Despite this success, such demonstration was not performed with a practical source of water. Drought conditions in much of the US necessitate use of wastewater or seawater – drinking water cannot be spared to make new energy sources. Additionally, no contaminates were intentionally introduced into the medium. We therefore continued testing cellobiose and xylose fermentations with intentional contamination and with wastewater (Fig. 4g). Adding soil to the fermentation had no significant effect as ethanol yields reached 54%. Next, algal wastewater replaced tap water in the medium and no drop in titer was found with yields around 53%. Finally, seawater from the California coast was used as the water source.
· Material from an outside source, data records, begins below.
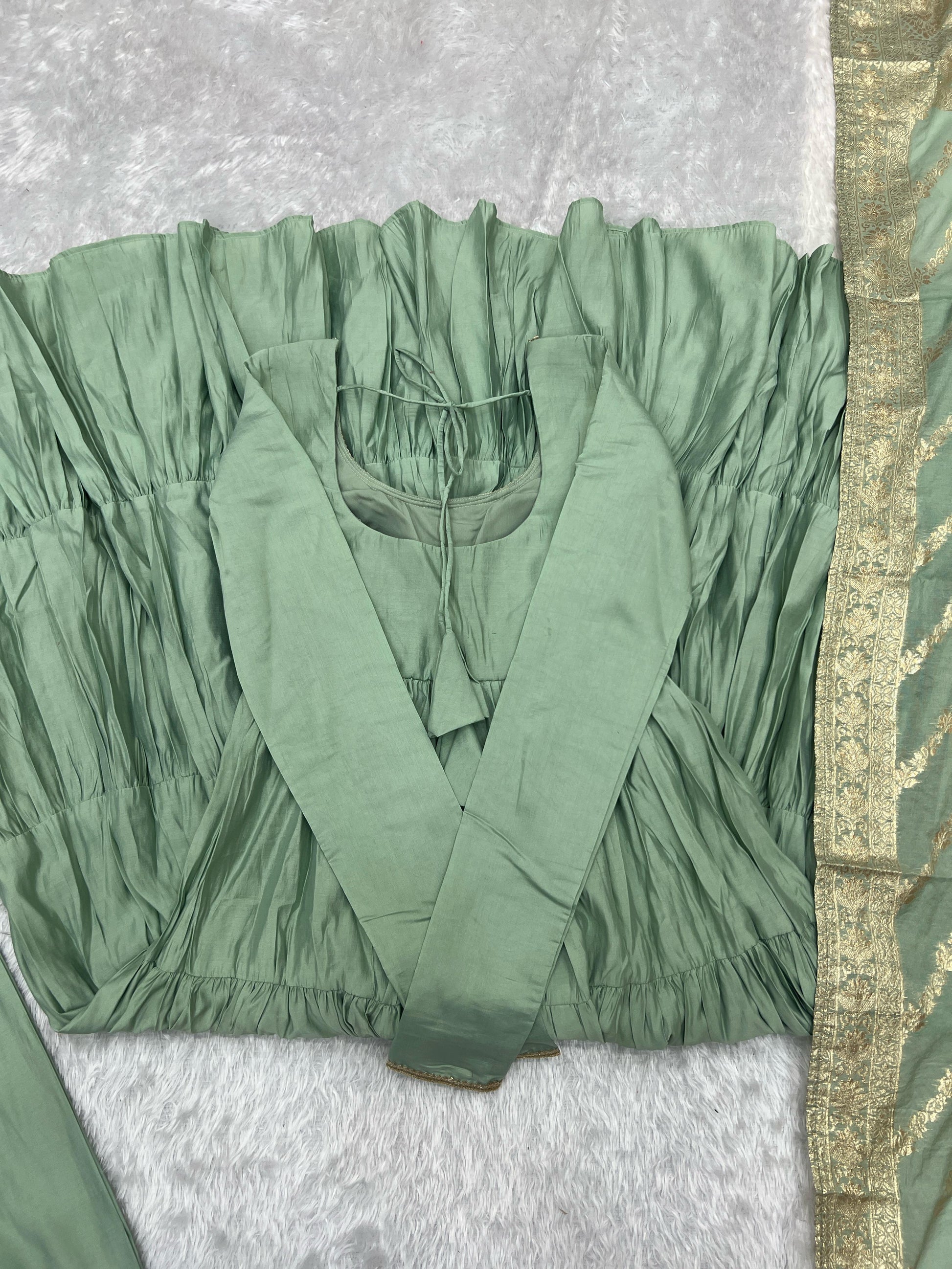 Pista Heavy Romansilk Chanderi With Yoke Lace 3pc Kurta Set
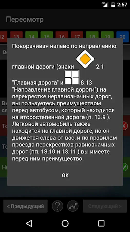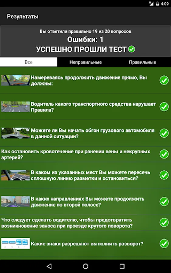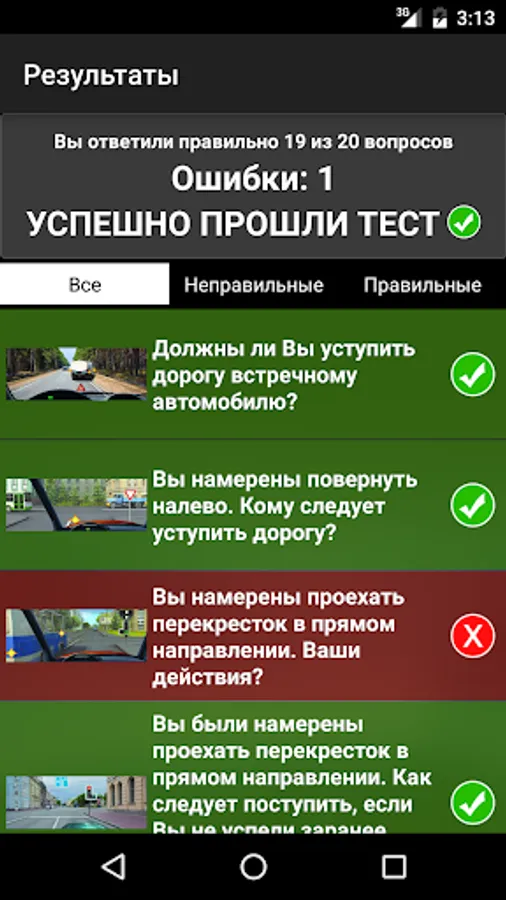 Do all traffic rules tests, including all questions. After conducting and correcting the test, you can see your mistakes and an explanation for each question.
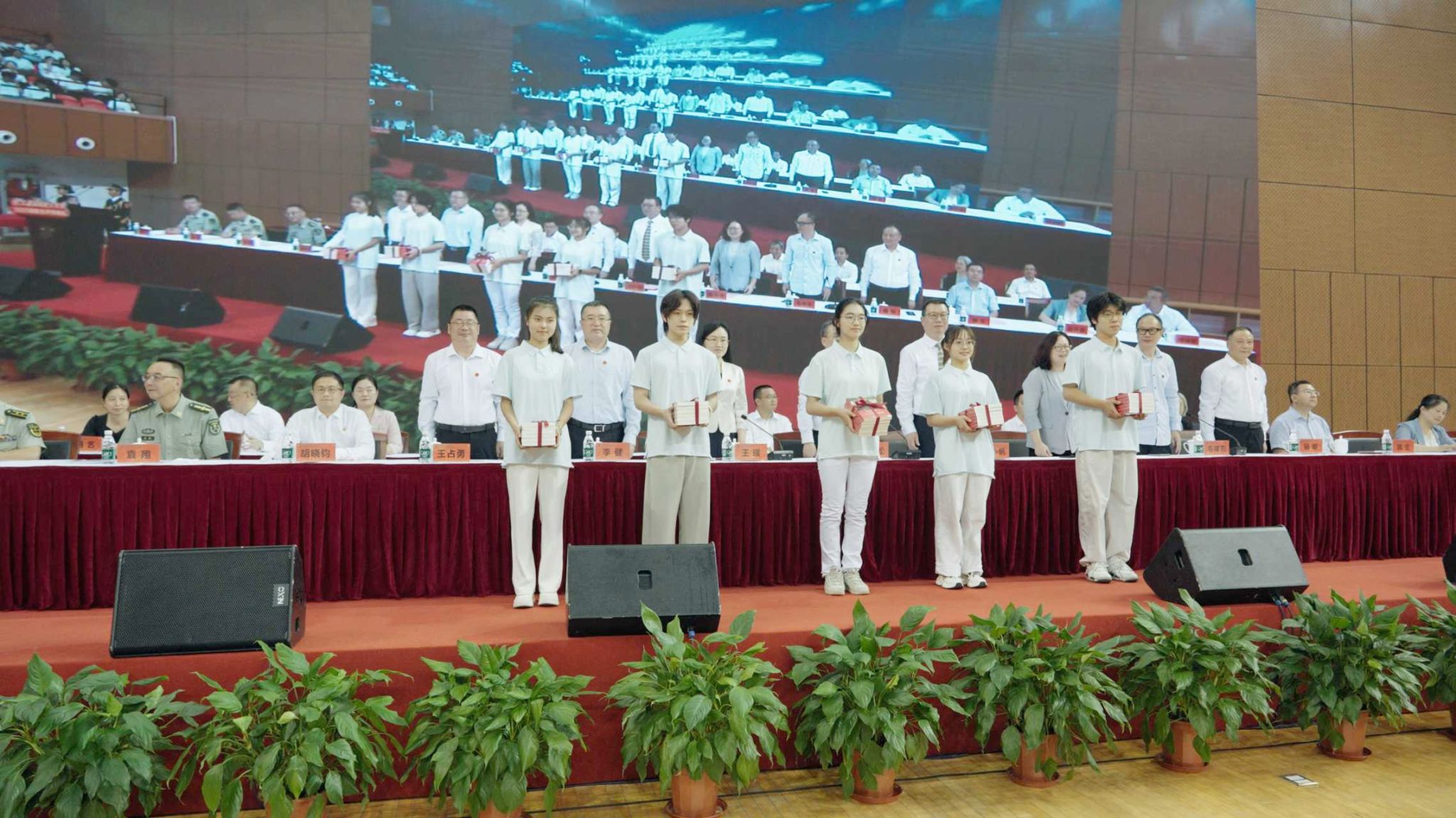 郭庆松及全体校领导向新生代表赠送了《习近平与大学生朋友们》书籍,勉励新生从书籍中汲取力量,在实践中学以致用、砥砺奋斗,成长为堪当大任的时代新人。

This marginally impacted production, with ethanol yields slightly falling to 50% from cellobiose and xylose in unsterilized conditions.

Discussion

Bacillus marmarensis is an extreme, obligate alkaliphile that grows from pH 7.5 to 12.5, but cannot survive in neutral conditions. Its growth rate near the optimum medium pH of 10.0, is similar to that of Escherichia coli and Bacillus subtilis at pH 7 in rich medium. Its growth in rich medium at pH 11.4 greatly outpaces those of other alkaliphilic strains. This rapid replication maintained contamination resistance in intentionally adulterated medium.

With this remarkable finding, we developed a reliable electrotransformation protocol and a series of tools for genetic overexpression. Along with optimized fermentation medium and conditions, these tools enabled engineering of B. marmarensis for high yield (65% of the theoretical maximum) and high titer (38 g/l) ethanol production from glucose.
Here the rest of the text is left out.